Often cheap 3d printers come with crappy support and warranty. With a lot of the made in China stuff, trying to get warranty support is difficult, and new parts cost a fortune (It would be bad-ass if you can print common parts that break).
Because we’re going to be looking into home-use 3d printers, the cost of a 3d printer will also have to balance out on service. Personally, I like to deal with more reputable companies that give a good warranty, especially in the cnc/ 3d printing space.
Price: sub $1000, approx. $900
Build area: 9″ x 5.9″ x 5.5″
The Dremel Idea builder is a solid choice at just under $1000. Aside from great customer service, the filament is only $30 for different colors for 0.5kg spool weight which means your printing in terms of material is going to be very cost effective.
Full color touch screen with on-board software so you can use this standalone if need be. Seems a bit gimmicky as everyone has a computer/ tablet these days to plug in.
Price: Sub $500, 450 for the retail version (has 1 year warranty, and 1 filament bottle) pretty damn good!
Print resolution: 50 to 350 microns
Build area: 109mm x 113mm at the base, but reduced to 91mm x 84mm above a height of 74mm, for a total height of 116mm
The M3D is a huge new up and comer. The M3D is now available to the masses direct from their website. While the overall size is somewhat small, for the price of under $500. In order to get this at such a low price at a good quality the printer’s footprint is much smaller than some of the other models mentioned here. If you’re okay with the size, then the fact that this is a fully enclosed unit that requires almost no set-up, then this may just be your top pick!

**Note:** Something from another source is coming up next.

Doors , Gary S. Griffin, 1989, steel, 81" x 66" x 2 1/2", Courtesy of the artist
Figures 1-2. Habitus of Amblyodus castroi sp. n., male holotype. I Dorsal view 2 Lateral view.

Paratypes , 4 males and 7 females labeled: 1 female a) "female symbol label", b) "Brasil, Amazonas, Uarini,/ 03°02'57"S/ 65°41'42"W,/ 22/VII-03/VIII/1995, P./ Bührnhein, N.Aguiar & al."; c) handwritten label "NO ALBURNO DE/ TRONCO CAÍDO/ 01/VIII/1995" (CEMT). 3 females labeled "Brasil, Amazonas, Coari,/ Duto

Price: Between $2000 to $3000, now at $2799
Print resolution: 25 to 200 microns
Build area: 125×125×165 mm
The Form 1+ is a slick looking 3d printer, is not on the large size, so slightly larger than the Micro, but not as big as the Dremel or MakerBot. What makes the Form1+ really stand out is its ease of use. You can easily plug in a usb and just go ahead and print – no computer necessary!

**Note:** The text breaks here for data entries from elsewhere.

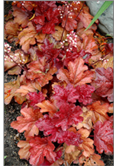
Fire Alarm Coral Bells

Fire Alarm Coral Bells is recommended for the following landscape applications;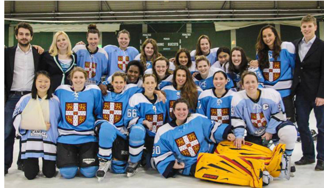
Women's Blues, Varsity Match, 2014.

Each year, the Men's Blues travel to the village of Zuoz in Swiss Alps for a week of intense training and preparation. This has been made possible through a recurring invitation from the Lyceum Alpinum Zuoz, a private boarding school with a reputation for both academic and sporting excellence. The tradition goes back to the start of the 20th century and is made possible by the mutually beneficial relationship between the CUIHC and the Lyceum, with the latter providing free use of their facilities and CUIHC members holding informal career talks for the Lyceum's students.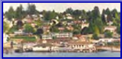
The Town of Steilacoom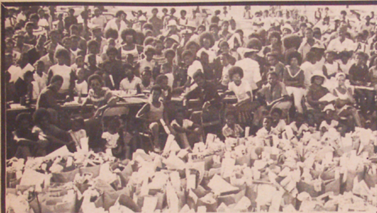
Four thousand Black people in Houston, Texas came out on July 26th to participate in the Black Panther Party's Survival Program.

BLACK PANTHER PARTY SURVIVAL PROGRAMS BUILDING ALL OVER THE COUNTRY.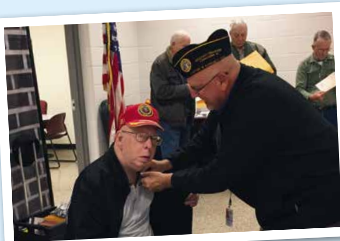
Veteran honored at Fremont Senior Center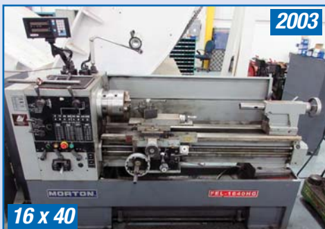
2003 MORTON ENGINE LATHE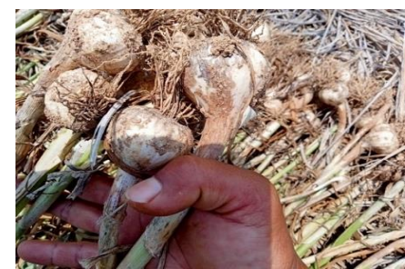
Kone Nyunt Village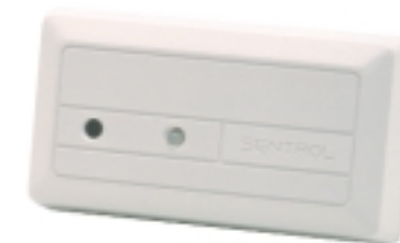
Hardwired Glass Break/Shock Sensor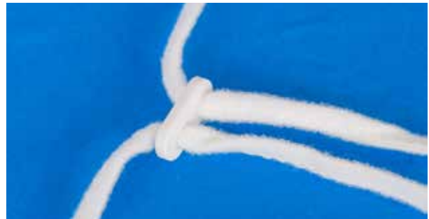
New adjustable Easy-Tie strap fitting

However due to the price, we can’t help but wonder that maybe if this feature wasn’t present, the unit would be cheaper buy a good amount. Everyone has as tablet, smartphone or computer – so for the machine to not require one is kind of obsolete – but we do get the idea of giving people options for easy printing.
Price: Under $1000, now at $799
Print resolution: goes down to 50 microns
Build area: 130 x 96 x 139mm
The Buccaneer probably competes with the M3D (Micro 3D) the most at the sub $1000 price-point. It is more expensive however, but this is because one of thee cool features is the UI. The user interface can be done all through a phone app. Now that’s pretty cool – being able to sit back on your couch and create objects that can be sent to print on your networked 3d printer is now a reality.

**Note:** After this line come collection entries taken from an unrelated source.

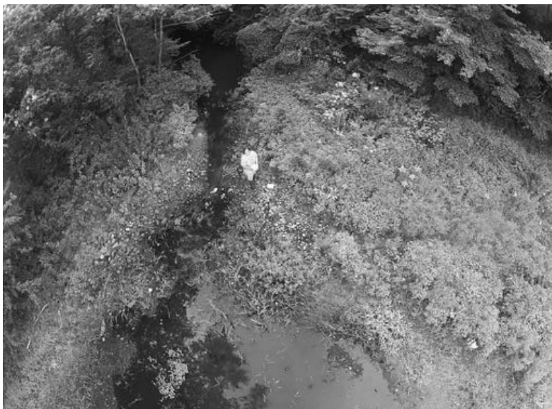
Aerial photo of what remains of the Mill Pond impoundment on the Third Herring Brook upstream of the dam to be removed.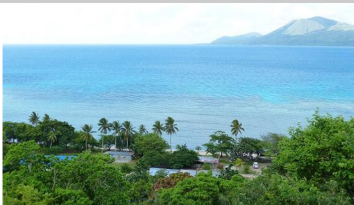
Siviri village in Vanuatu

The Coastal Ecosystem based Adaptation (EbA) to Climate Change project is implemented by the Vanuatu Department of Fisheries with technical assistance from SPREP and funded by the AusAID International Climate Change Adaptation Initiative (ICCAI).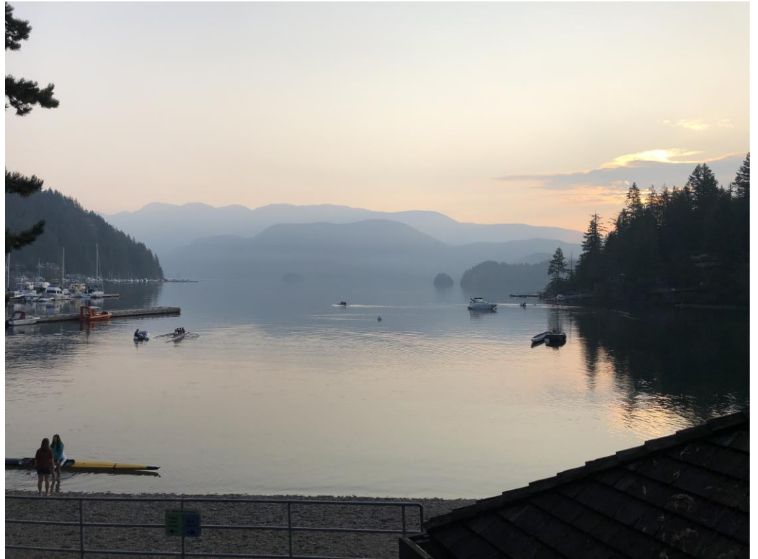
Rowing Academy – First Day on the Water

The Buccaneer just looks bad-ass. With super sleek lines and a stamped stainless steel frame, the build quality is just amazing and will look really good on top of your desk/ table.
What we don’t recommend:
Price: Between $2000 and $2000, approx $2600
Build Area: 25.2 L x 19.9 W x 15.0 H cm
Filament: MakerBot PLA Filament
Other features: Wi-fi, lcd interface, camera
The Makerbot is a solid machine in the $2-$3000 range, but we can’t recommend this due to the tidal wave of bad reviews out there. There are reports of really poor customer service and the extruder having issues. The extruder nozzle seems to clog often if you are refilling the filament often – which is unavoidable for different colors and textures.
As you can see there is no one best 3d printer out there. It all depends on your budget and what you plan on 3d printing. For sub $500 the Micro 3D is the way to go. Beyond that the Dremel Idea Builder and Buccaneer offer compelling options.
Which 3d printer do you think is the best?